Modern economics relies on the foundational principle of demand and supply, basically rise in value of a commodity tends to coincide with increased buying pressure and a reversal of the same is seen when people start selling it en masse. This phenomenon is present in every single commodity and economic unit around us including currencies. For instance, if the Reserve Bank of India purchases INR by selling USD an appreciation in INR would follow suit. However, India has been in international hot waters for doing operating the other way around. US Treasury department has put India on the currency manipulator watchlist indicating that India could be intentionally devaluing its currency to garner an unfair advantage. This conclusion was reached after India failed the three benchmarks to judge currency manipulators.
1- Bilateral trade surplus with US exceeding $20 Billion
In essence trade surplus is an indicator of the ratio of import and export done by two countries. Essentially India currently exports more to the United States than it imports. US flags such behaviour as that of currency manipulation as it hurts the local economy in America and thus agains’t their national interest. Between June 2019 and June 2020 this threshold of $ 20 Billion has been breached.

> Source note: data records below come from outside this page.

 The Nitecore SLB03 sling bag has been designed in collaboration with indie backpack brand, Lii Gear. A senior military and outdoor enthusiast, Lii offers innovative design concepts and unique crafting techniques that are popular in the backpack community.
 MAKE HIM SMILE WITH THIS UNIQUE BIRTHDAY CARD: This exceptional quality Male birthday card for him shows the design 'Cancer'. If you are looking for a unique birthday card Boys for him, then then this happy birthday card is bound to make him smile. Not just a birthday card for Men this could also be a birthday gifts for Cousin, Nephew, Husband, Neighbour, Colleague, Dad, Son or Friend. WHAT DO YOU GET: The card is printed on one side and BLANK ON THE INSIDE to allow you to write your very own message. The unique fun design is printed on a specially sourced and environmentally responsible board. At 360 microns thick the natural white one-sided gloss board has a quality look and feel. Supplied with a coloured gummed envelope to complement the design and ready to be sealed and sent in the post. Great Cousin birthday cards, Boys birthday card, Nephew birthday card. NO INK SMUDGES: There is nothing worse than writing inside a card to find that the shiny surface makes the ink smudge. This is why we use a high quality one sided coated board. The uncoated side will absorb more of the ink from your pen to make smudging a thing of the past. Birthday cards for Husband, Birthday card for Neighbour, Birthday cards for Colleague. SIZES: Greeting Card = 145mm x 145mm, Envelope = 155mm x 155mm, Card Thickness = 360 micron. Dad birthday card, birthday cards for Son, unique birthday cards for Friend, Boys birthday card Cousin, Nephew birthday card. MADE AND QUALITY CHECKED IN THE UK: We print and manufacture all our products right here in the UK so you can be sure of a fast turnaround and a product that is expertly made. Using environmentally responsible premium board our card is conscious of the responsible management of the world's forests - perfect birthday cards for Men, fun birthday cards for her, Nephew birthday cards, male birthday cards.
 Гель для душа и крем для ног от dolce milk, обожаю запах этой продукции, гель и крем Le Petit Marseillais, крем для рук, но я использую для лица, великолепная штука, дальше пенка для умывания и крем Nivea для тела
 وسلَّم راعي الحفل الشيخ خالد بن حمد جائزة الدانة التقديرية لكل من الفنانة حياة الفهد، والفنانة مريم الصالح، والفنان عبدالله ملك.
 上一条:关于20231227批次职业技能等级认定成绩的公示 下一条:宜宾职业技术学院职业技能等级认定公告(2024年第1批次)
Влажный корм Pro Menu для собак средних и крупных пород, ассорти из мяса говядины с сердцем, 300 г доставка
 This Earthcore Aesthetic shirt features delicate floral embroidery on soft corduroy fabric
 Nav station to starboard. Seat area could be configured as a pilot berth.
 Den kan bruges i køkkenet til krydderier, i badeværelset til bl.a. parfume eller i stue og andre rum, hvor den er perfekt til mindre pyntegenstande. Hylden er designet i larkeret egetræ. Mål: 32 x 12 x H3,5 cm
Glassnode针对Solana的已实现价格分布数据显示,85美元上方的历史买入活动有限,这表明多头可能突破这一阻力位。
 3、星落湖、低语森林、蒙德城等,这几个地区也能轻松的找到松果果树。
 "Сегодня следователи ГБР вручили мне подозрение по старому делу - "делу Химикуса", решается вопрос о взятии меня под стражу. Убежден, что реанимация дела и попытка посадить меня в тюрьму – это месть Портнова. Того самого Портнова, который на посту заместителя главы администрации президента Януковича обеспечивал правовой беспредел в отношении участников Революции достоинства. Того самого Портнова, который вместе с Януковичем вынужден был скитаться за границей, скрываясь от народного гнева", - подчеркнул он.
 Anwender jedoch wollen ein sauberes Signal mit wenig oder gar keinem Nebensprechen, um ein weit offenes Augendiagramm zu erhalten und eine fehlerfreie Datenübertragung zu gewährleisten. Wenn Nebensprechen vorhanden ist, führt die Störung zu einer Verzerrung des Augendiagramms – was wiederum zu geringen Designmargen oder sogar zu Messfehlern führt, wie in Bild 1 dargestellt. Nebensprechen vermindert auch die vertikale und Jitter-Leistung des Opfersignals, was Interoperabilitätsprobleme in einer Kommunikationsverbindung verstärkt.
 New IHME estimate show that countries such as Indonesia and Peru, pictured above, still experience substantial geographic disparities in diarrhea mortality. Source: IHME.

2- Current account surplus minimum of 3% GDP
Exports increasing import rates is a sign that devalued currency is being used to dump cheap exports abroad. This is a trend developing in India and is expected to only grow with post pandemic market corrections.
Chief Economic Advisor, Mr. Krishnamurthy Subramanian had this to say –
“The COVID crisis is different fron typical emerging market crises (where the economy is overheated, imports exceed exports as demand outstrips domestic supply and inflation shoots up)… this is a crisis of demand primarily due to a negative shock to demand” He adds, “That is reflected in the current account surplus we may have this year. In Q1, we had a $19.8 Billion surplus and even if we do not see that kind of performance in subsequent quarters, we will still likely have a current account surplus”
3. Net purchases of foreign currency of 2% of GDP in 12 months
In essence this signifies quantitative superlativeness in terms of how much foreign currency a country in buying. While its considered normal market practices to ocassionally involve in such practices, but prolonged purchase of foreign currency of the country’s 2% GDP is again an indicator of currency manipulation and India has seemingly breached this metric as well.
It should however be noted that India has not been branded as a currency manipulator, merely put on the watchlist which notably also includes countries such as Germany, Italy, China, Japan, and other major economies. On the corollary this may be a sign of healthy market conditions as increase in export will cause a positive market movement on account of increased export which further amounts to increased revenues.